9.7.12

ARC Review: The Unquiet by Jeannine Garsee


TITLE: The Unquiet
AUTHOR: Jeannine Garsee
PAGES: 400
FORMAT: Kindle ARC
ISBN: 978-1599907239
BUY IT: Amazon
GET IT: July 17th RATING: 5/5 [in the genre] or 8.5/10 [all books I’ve ever read].
FOR: People looking for a genuine, accurate portrayal of mental illness. Teenagers. Fans of old-timey ghost stories who want a modern twist. Anyone who likes good, solid writing. People who miss R.L. Stine’s Fear Street series.


When Rinn Jacobs moves to a new town she hopes it will be a fresh start-a place where nobody knows about her past. At first, everything goes according to plan. She falls in with the popular girls at her new school and falls for the very cute boy-next-door Nate. But River Hills High School has a secret. The ghost of a girl who died back when Rinn's mom was a student supposedly haunts a hallway. Rinn's not sure she believes it, but when strange things start happening to her friends, Rinn decides there's only one way to know for sure. She needs to ditch her bipolar meds and see what the voices are really trying to say...

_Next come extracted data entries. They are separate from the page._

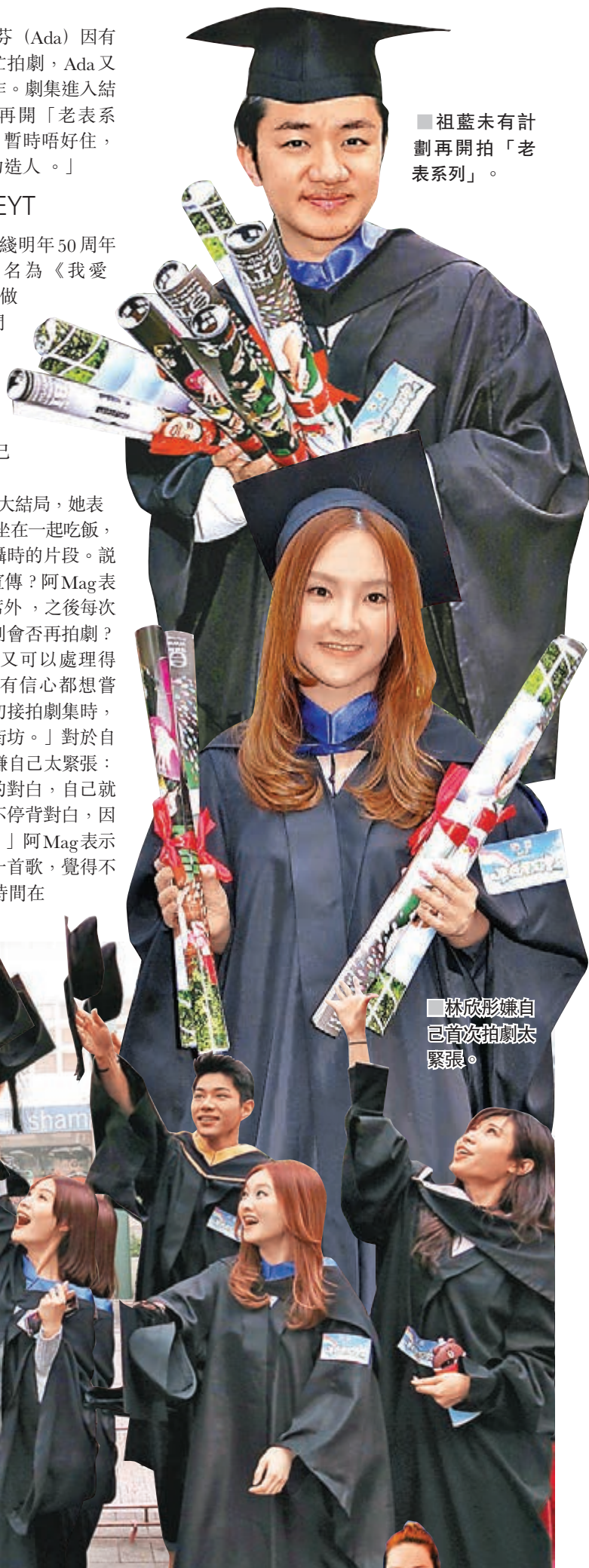
祖藍未有計劃再開拍「老表系列」。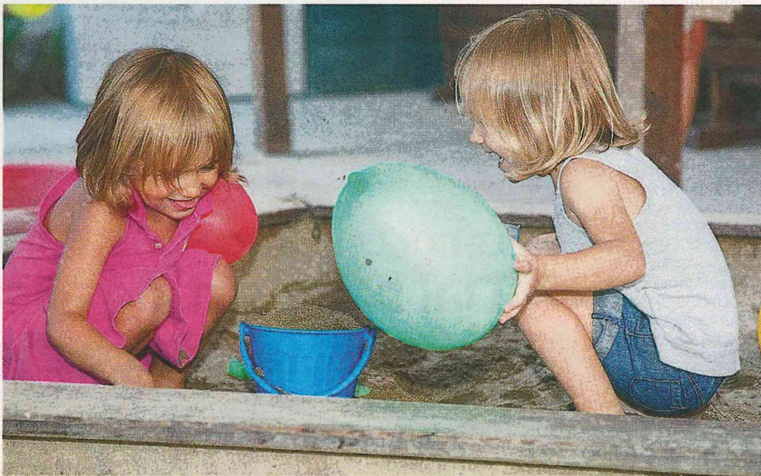
Un momento di gioco al nido «Abracadabra»: maneggiare la sabbia per sviluppare la manualità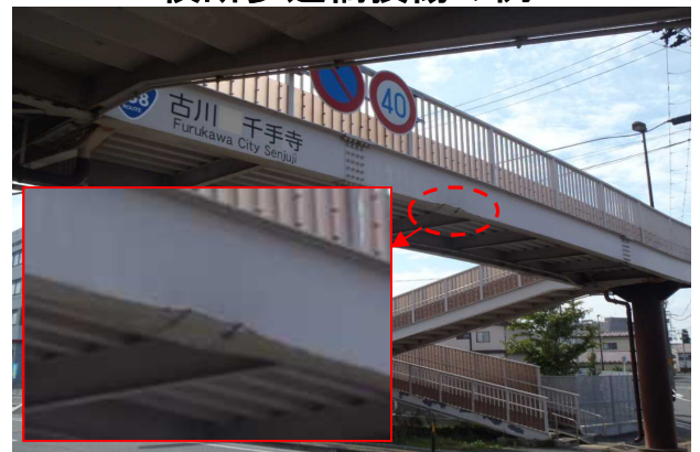
横断歩道橋損傷の例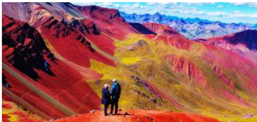
شکل ۶: دره سرخ، استان کانچیس، پرو (۴۳). Figure 6: Red Valley, Province of Canchis, Peru (43).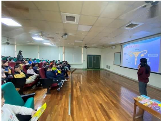
圖 5：認識男女生的第二性徵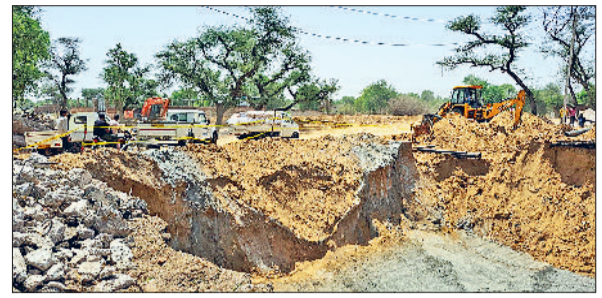
बाढ़ड़ा में सतनाली रोड पर चल रहा पुल निर्माण का कार्य।

हरिभूमि न्यूज ▶▶ बाढ़ड़ा बाढ़ड़ा कस्बे में सतनाली रोड पर नहर पर स्थित पुल को तोड़कर दोबारा से निर्माण कार्य किया जा रहा है। जिसके चलते बाढ़ड़ा सतनाली मुख्य सड़कमार्ग पर वाहन चालकों को भारी परेशानियों का सामना करना पड़ रहा है। वहीं बाढ़ड़ा से सतनाली रूट पर बसों का आवागमन पूरी तरह से प्रभावित होने के कारण यात्रियों को भी दिक्कतें उठानी पड़ीं। बाढ़ड़ा बस स्टैंड प्रभारी ने मांग की है कि बसों की आवाजाही का प्रबंध किया जाये ताकि गर्मी के मौसम में यात्रियों को परेशानी का सामना ना करना पड़े और वे अपने गंतव्य तक पहुंच सकें। बता दें कि सिंचाई विभाग द्वारा सड़क पर जो पुल है उनको तोड़कर नया बनाया जा रहा है। इसी कड़ी में बाढ़ड़ा-सतनाली सड़कमार्ग पर स्थित पुल को भी तोड़ा गया है और वहां पर निर्माण कार्य किया जा रहा है। लेकिन इस दौरान वहां से बसें व भारी वाहन नहीं निकल पा रहे हैं। जिससे यात्रियों व वाहन चालकों को परेशानी उठानी पड़ रही है। वहीं बालू मिट्टी होने के कारण छोटे वाहन निकालने में भी खासी दिक्कतें पेश आ रहे हैं। भिवानी, तोशाम आदि से सतनाली की ओर जाने वाले बसें बाढ़ड़ा बस स्टैंड से आगे नहीं जा पाईं। इसी दौरान जिन सवारियों ने तोशाम, भिवानी आदि से सतनाली का टिकट लिया था लेकिन बस बाढ़ड़ा से आगे नहीं जा पाने के कारण परिचालकों के साथ बहस करती भी नजर आई।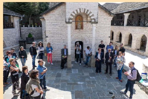
Επίσκεψη στη Μονή Τσούκας

Η ημέρα πεζοπορίας –φωτογραφικό σαφάρι που οργάνωσε ο Δήμος Βορείων Τζουμέρκων το Σάββατο 9 Μαΐου 2015 είχε μεγάλη επιτυχία και έτυχε και της παρουσίας του υφυπουργού πολιτισμού του Κου Ξυδάκη. Πάνω από 65 άτομα μεταξύ των οποίων και πολλά παιδιά, συμμετείχαν στην πεζοπορία από τη Μονή Τσούκας ως το Μουσείο Σύγχρονης Τέχνης «Θ. Παπαγιάννης», στο χωριό Ελληνικό.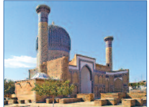
Gur Amir Mausoleum

S eit 2000 Jahren verbindet die sagenumwobene Seidenstraße China mit dem Abendland. Allein ihr Name weckt Träume von Karawanen, kostbaren Stoffen und orientalischen Gewürzen. Im einstigen Reich Dschingis Khans sind die Zeugen der Vergangenheit noch lebendig: Prachtvolle Bauwerke mit kunstvollen Ornamenten und Mosaiken prägen das Bild des antiken Samarkand, typisch islamische Architektur ist in Bukhara zu finden. Abseits der Städte fasziniert eine außergewöhnliche Landschaft. Verlassene Karawanseereien liegen in der großen Wüste Kizilkum, die von einem der längsten Flüsse Zentralasiens – dem Amudarja - begrenzt wird. Überall trifft man auf eine schier unglaubliche Gastfreundschaft! Noch ist die Seidenstraße ein Geheimtipp für Reisende. Entdecken Sie hier den unverfälschten Orient mit all seiner Magie und Mystik!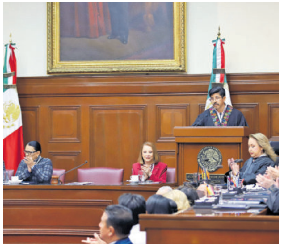
El ministro presidente de la Suprema Corte, Hugo Aguilar, ayer, en el pleno.

Ante integrantes del Tribunal Electoral del Poder Judicial de la Federación, con excepción de la magistrada Mónica Soto, jueces, magistrados e invitados especiales,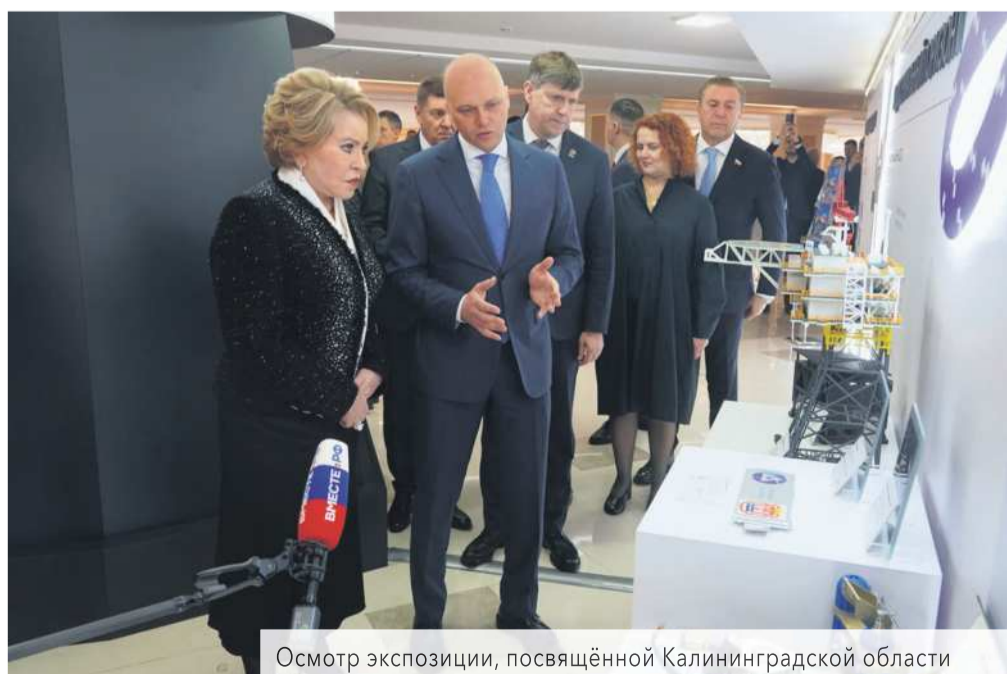
Осмотр экспозиции, посвящённой Калининградской области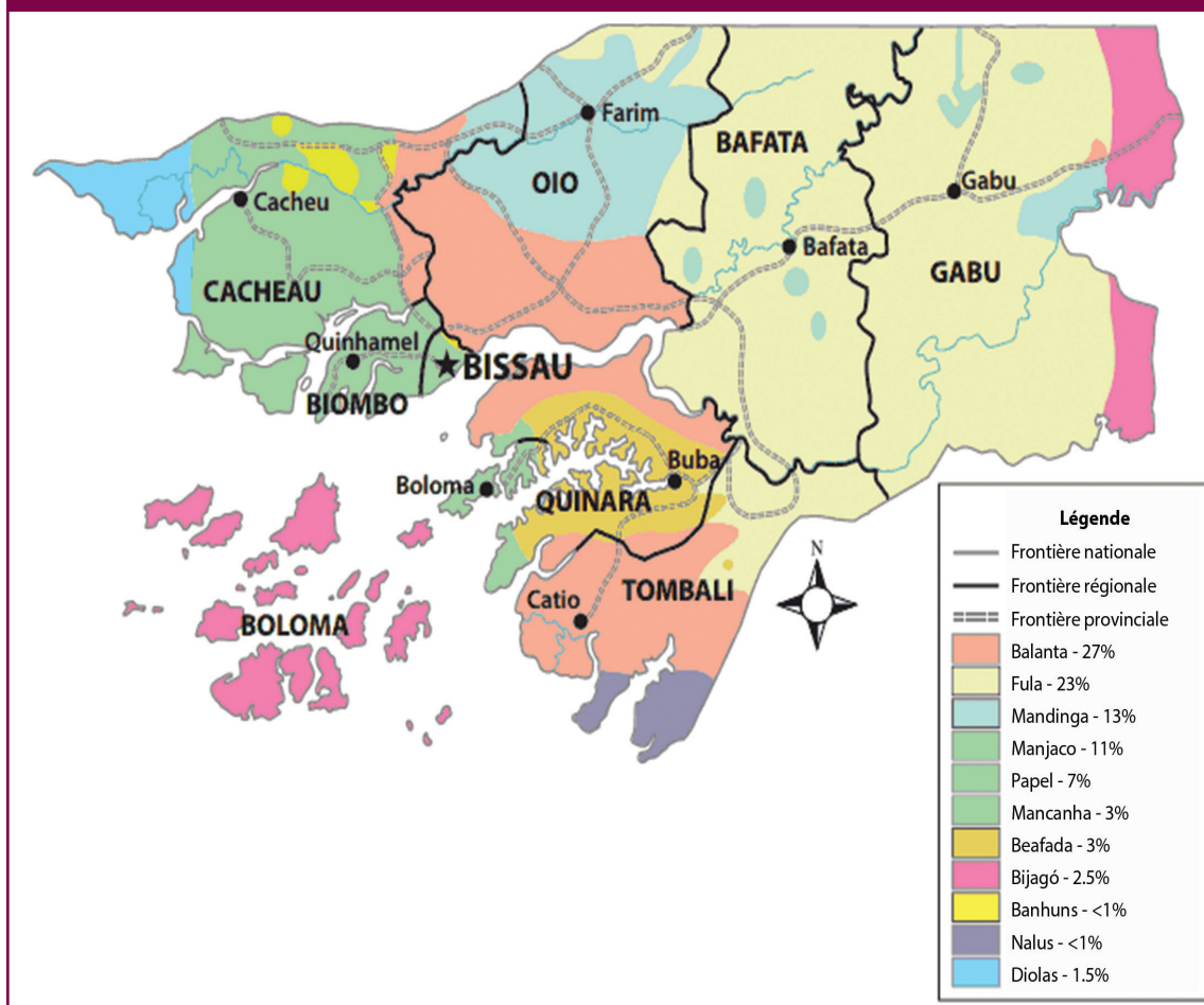
Figura 2. Distribuição geográfica dos grupos étnicos da Guiné-Bissau

The Basics: I’m not sure if it’s possible to express how much I love this book in writing. SQUEE!!!!! would probably be a good approximation. I’m a psych nerd, so any use of mental disorders will attract my attention. The difference here? Garsee does it well. Rinn is a believable, relatable character who has very severe problems—but that doesn’t stop her from being a normal teenage girl who wants to fit in. Her candid descriptions of her voices, her guilt over a past accident, and her daily struggles with reality are both moving and highly accurate. Her relationship with Nate is at just the right heat level for a high school girl, and her friendships with Lacey, Meg, and Tasha are just the right combination of sweetness and drama. This could be someone’s memoir. Now add the ghost story, and you have an exciting thriller that, almost to the end, poses a question: is it real, or just happening in Rinn’s head? The plot never lets up and the last page leaves you with a chill running down your spine.

The Breakdown: You can tell that Garsee is a psychiatric nurse. Her portrayal of Rinn’s disorder exudes authenticity, from the recollections of her manic episodes to the flatness she feels while on her meds. Rinn is just the right combination of headcase and normal teenage girl. She tries not to let her disorder define her, but she can’t help but feel trapped by it anyway. She wants to be normal, but the guilt of her past actions lingers. She’s got some spunk but she’s deeply insecure too. You can’t help but root for her from the very first page. Her voice is a relatable backdrop for a very eerie tale of a girl drowned long ago, and spooky happenings in the school’s old, rundown tunnel.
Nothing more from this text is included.